We investigated to what extent domain adaptation was able to improve prediction accuracy for complex biological data. To that end, we used simulated data and time-lapse movies of differentiating blood stem cells in different cell cycle stages from multiple experiments and compared three commonly used domain adaptation approaches. EasyAdapt, a simple technique of structured pooling of related data sets, was able to improve accuracy when classifying the simulated data and cell cycle stages from microscopic images. Meanwhile, the technique proved robust to the potential negative impact on the classification accuracy that is common in other techniques that build models with heterogeneous data. Despite its implementation simplicity, EasyAdapt consistently produced more accurate predictions compared to conventional techniques.
Domain adaptation is therefore able to substantially reduce the amount of work required to create a large amount of annotated training data in the domain of interest necessary whenever the domain changes even a little, which is common not only in biological experiments, but universally exists in almost all data collection routines.
1 Introduction
Over the last decade, machine learning, especially supervised learning, has become increasingly important in biological and medical research. Example applications range from protein structure prediction [1,2] and the identification of new disease subgroups from gene expression data [3,4], to the identification of cell connectivity [5] and the prediction of phenotypes from time-lapse [6] data and high throughput imaging [7]. With improving capabilities of data collection and growing computational resources, machine learning will be playing an even more important role in understanding of underlying biological processes.
One of the most well-known limitations of supervised learning, however, is the need for a large amount of annotated data. In biological and medical research, this requirement is often difficult to meet, as it necessitates expert knowledge and intensive manual work. With an increase in high-throughput data it becomes more and more unrealistic to annotate all observations. An appealing alternative is to combine already-annotated data from one or multiple sources in order to build a model for a new problem for which there is only little annotated data.
Another limitation of classic supervised learning techniques is the poor performance in dealing with data from multiple sources. A typical problem in biological research are batch effects. Batch effects describe qualitative changes in measurements because of experimental changes that are unrelated to the biological feature under investigation [8]. Typically, differences in the experimental setup, the use of different protocols, reagents or different machine settings can all lead to such effects. Conventional machine learning techniques are less effective in data with batch effects, due to differences in underlying distributions. Even in the case of an experiment being designed to be a replicate, the classifier trained with data from one experiment often tends to have lower predictive accuracy when applied to data from another replicate [9]. While it is possible to build a new model using only data from one experiment, this would mean wasting expert knowledge and involve labor-intensive annotation for each separate experiment. Consequently, it is desirable to have a model that can achieve a high performance with limited additional annotation work.

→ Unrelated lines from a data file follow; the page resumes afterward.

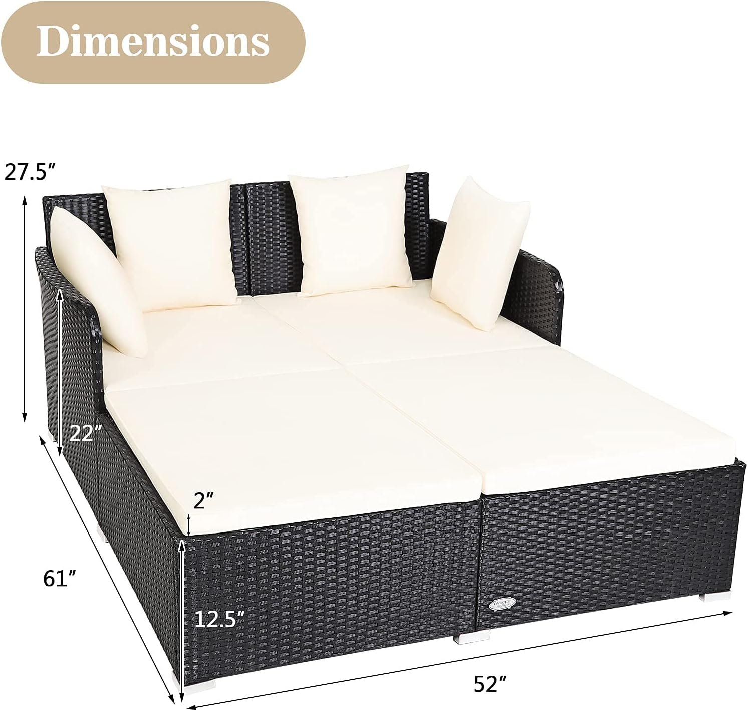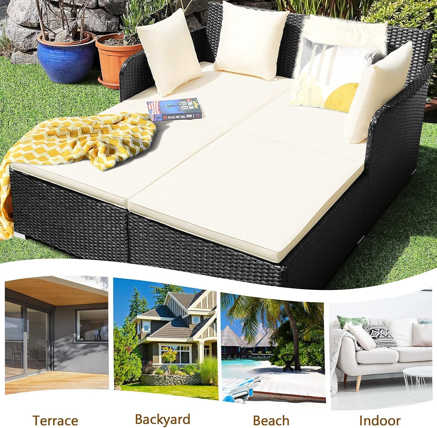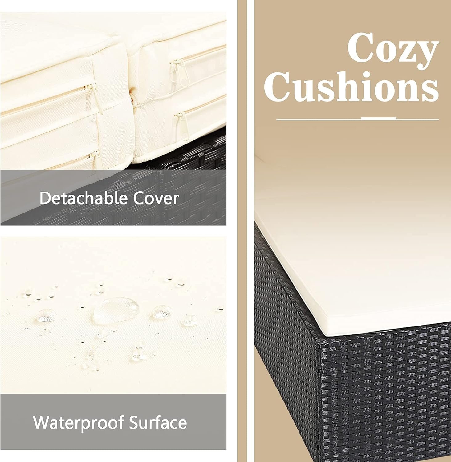 ☁️【Additional Cushions & Pillows】: Equipped with soft pillows and thick cushions, our rattan daybed provides you with ultra softness and comfort. Besides, designed with a zipper, the waterproof cushion cover can be quickly removed and cleaned.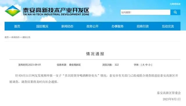 9月1日下午,泰安高新区管委会发布消息:针对8月31日网友发视频举报一女子“多次陪领导喝酒醉卧街头”情况,泰安市有关部门已组成联合调查组进驻泰安高新区开展调查,调查结果将及时向社会通报。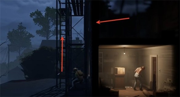 6、出来之后从窗户跳下来,从旁边的梯子爬上去。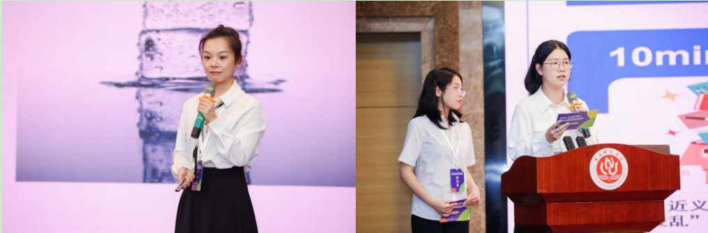 现场展示环节,龚子依与歌笙同学共同上台说课,逻辑清晰、表达流畅,从教学对象分析到教学流程设计,层层递进,展现了团队对教学内容深入浅出的把控能力。王怡欣同学进行现场教学片段演示,生动还原课堂互动场景,赢得了现场评委与师生的广泛关注与高度好评。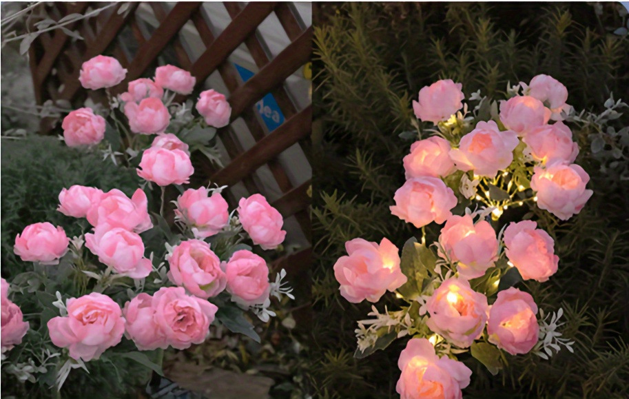 2pcs Solar Powered Peony Flower Light 7 Head Fancy Lights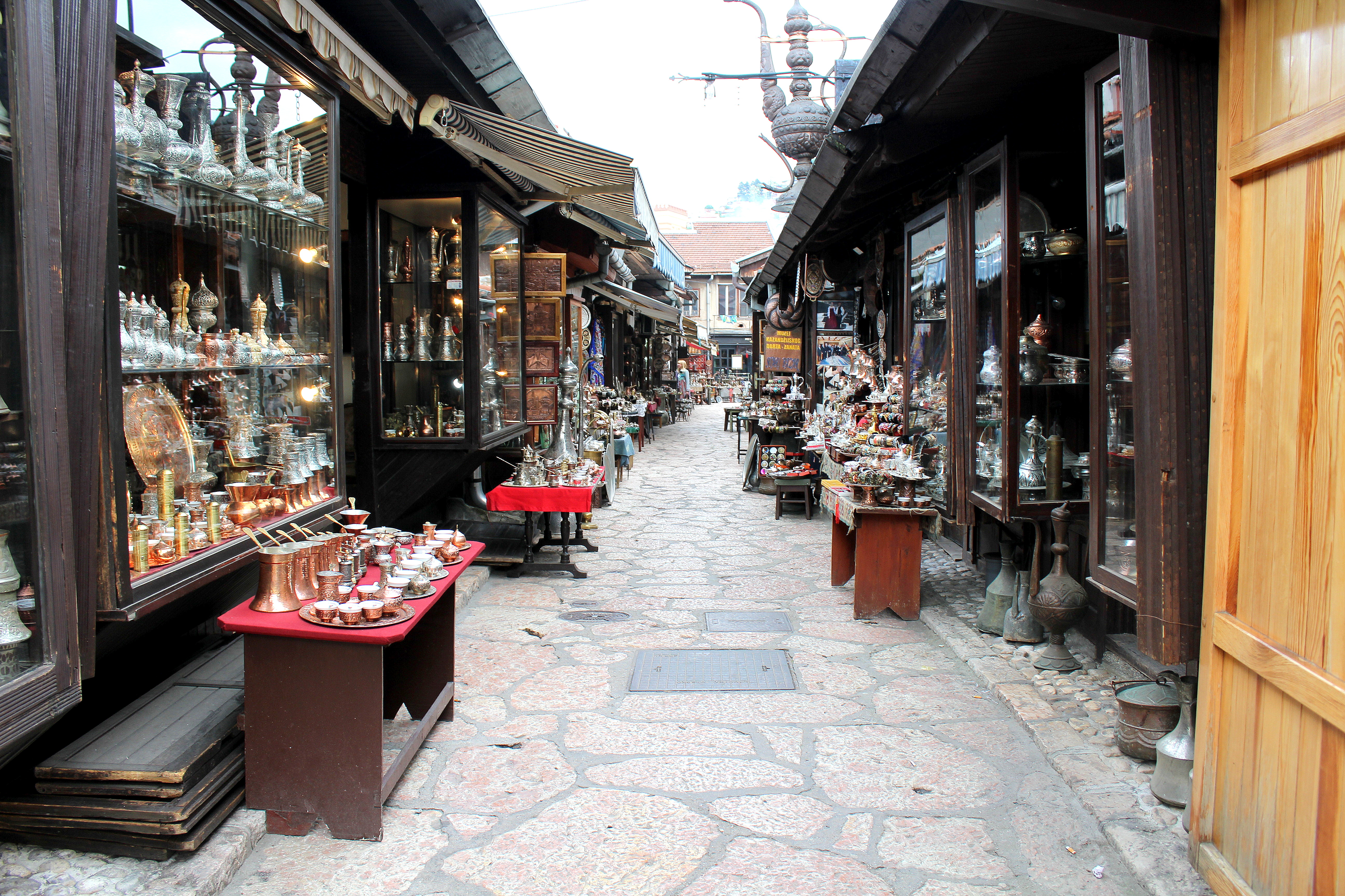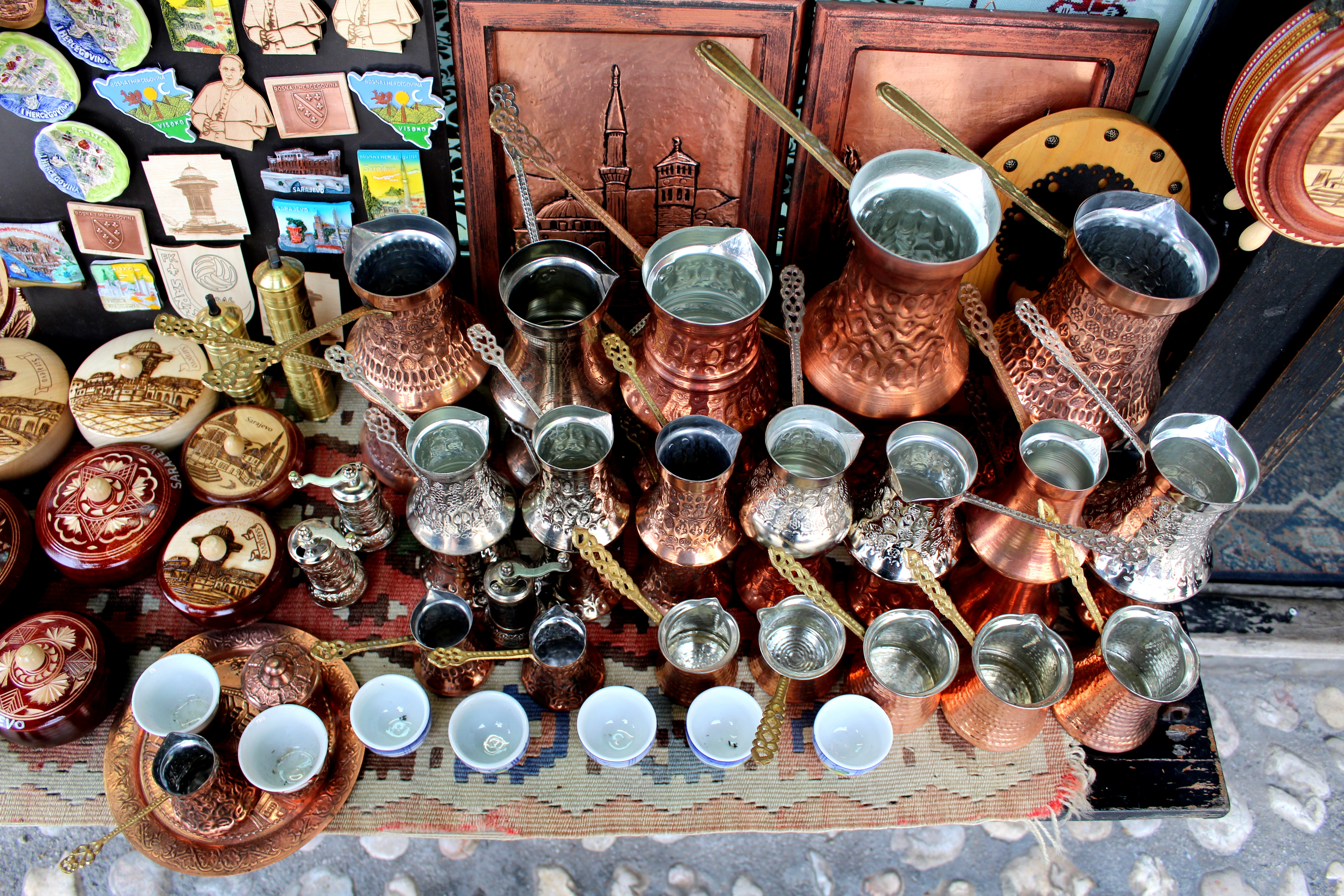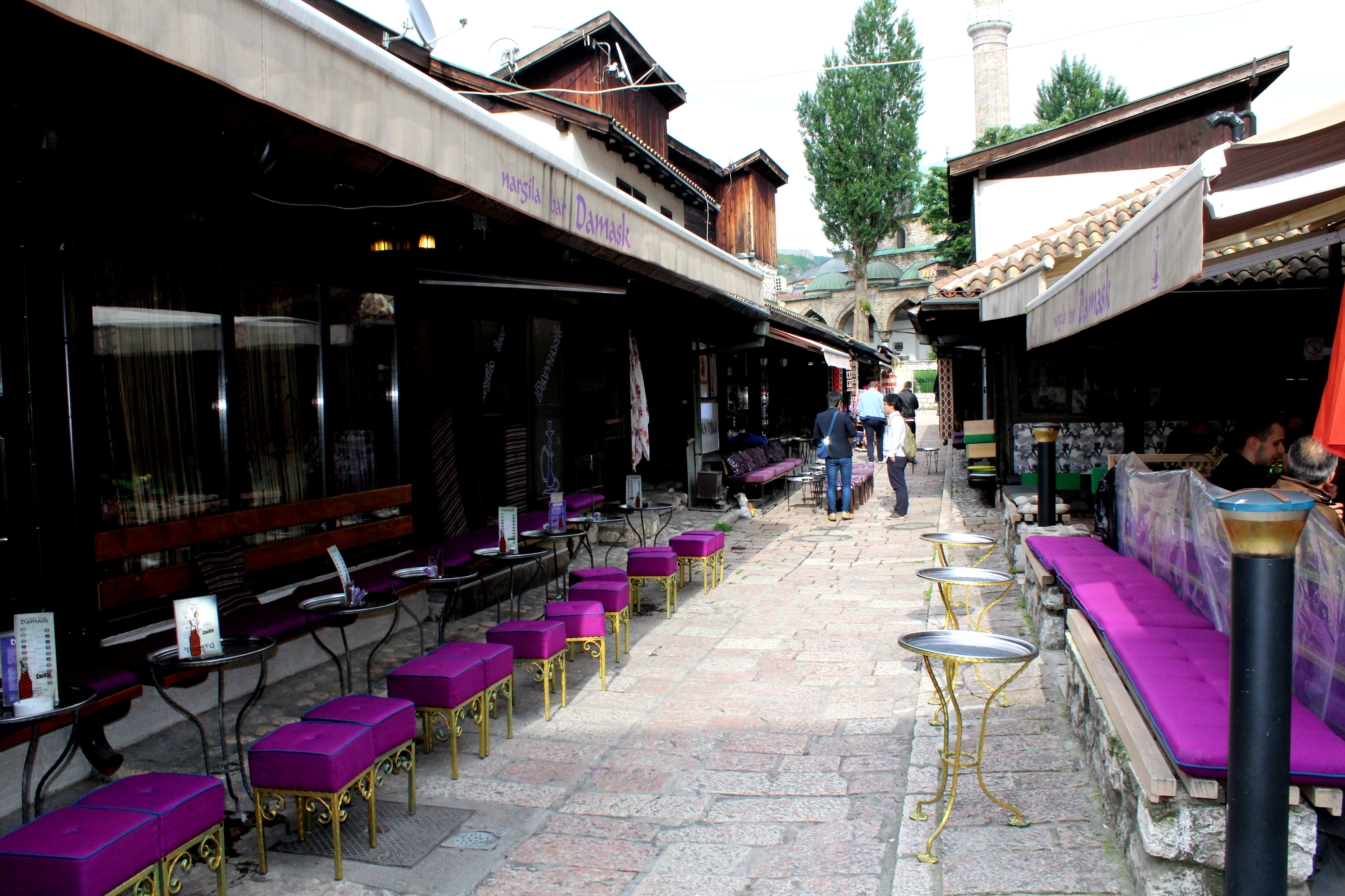 And then we found the market, which was my favorite part! Historically Sarajevo was the meeting place of cultures and had four Guilds: the Copper Guild, the Gold Guild, I think the Silver Guild, and the Tailoring Guild. This area still boasts wares made using old techniques. Below is the outside of a mosque (I need to research the significance of the water they’re all drinking) and a purple coffee/hookah patio, which, if you know me, know that it was my favorite place of the day. I’m already drawing inspiration for my library.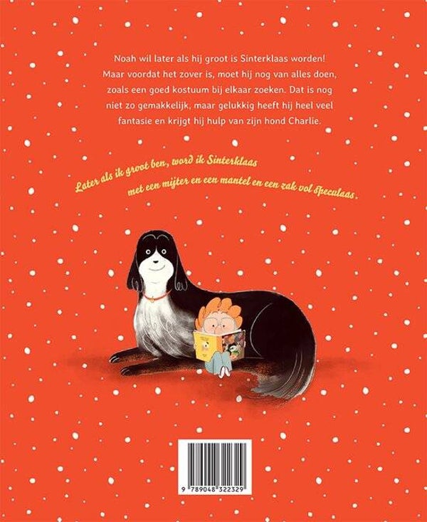Noah wil later als hij groot is Sinterklaas worden! Maar voordat het zover is, moet hij nog van alles doen, zoals een goed kostuum bij elkaar zoeken. Dat is nog niet zo gemakkelijk, maar gelukkig heeft hij heel veel fantasie en krijgt hij hulp van zijn hond Charlie. Later als ik groot ben, word ik Sinterklaas met een mijter en een mantel en een zak vol speculaas.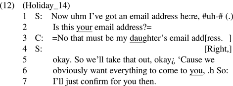 Like previous examples, email is not treated as the mode for booking confirmations, despite there being an address on file that, in this case, C has confirmed in the beginning of the call (see extract (11)). Furthermore, while “paperwork” in the offer of email or post can be used for any type of files or written agreements, the etymology of the word means that it may be heard to indicate that a physical piece of paper would be expected. In this sense, the alternative interrogative is ‘tilted’ in favor of the postal option (cf. Llewellyn Reference Llewellyn2015). Although C opts for email, his choice is not phrased as a matter of preference, but as something that “will do”, thus orienting to postal confirmation as the expected or better option. Additionally, S's explanation that the email confirmation will “come pretty much instantly” (lines 6–7), infers that C may have been heard not to be a regular email user, thus requiring a somewhat redundant explanation for someone accustomed to email use.

Domain adaptation describes the case where at least a part of the data used to train a model follows a different distribution from the data on which the model is finally applied [10]. It is closely related to the notion of transfer learning and mutlitask learning [10,11,12]. We follow Pan and Yang [11] and consider transfer learning as the more general term, with domain adaptation being one special form of transfer learning. Domain adaptation can be applied where a large number of annotated data are available in one or more domains that are not of direct interest (the source domain), while only a limited amount of annotated data is available in the domain of interest (the target domain) (Fig. 1). The idea of domain adaptation is to transfer the knowledge from the source to improve the learning in the target domain. Technically, it can be understood that the pre-trained decision boundary only requires some ‘minor’ tuning from a smaller amout of data to be applied to the new domain. Domain adaptation techniques have originally been developed to address text classification problems [13,14,15].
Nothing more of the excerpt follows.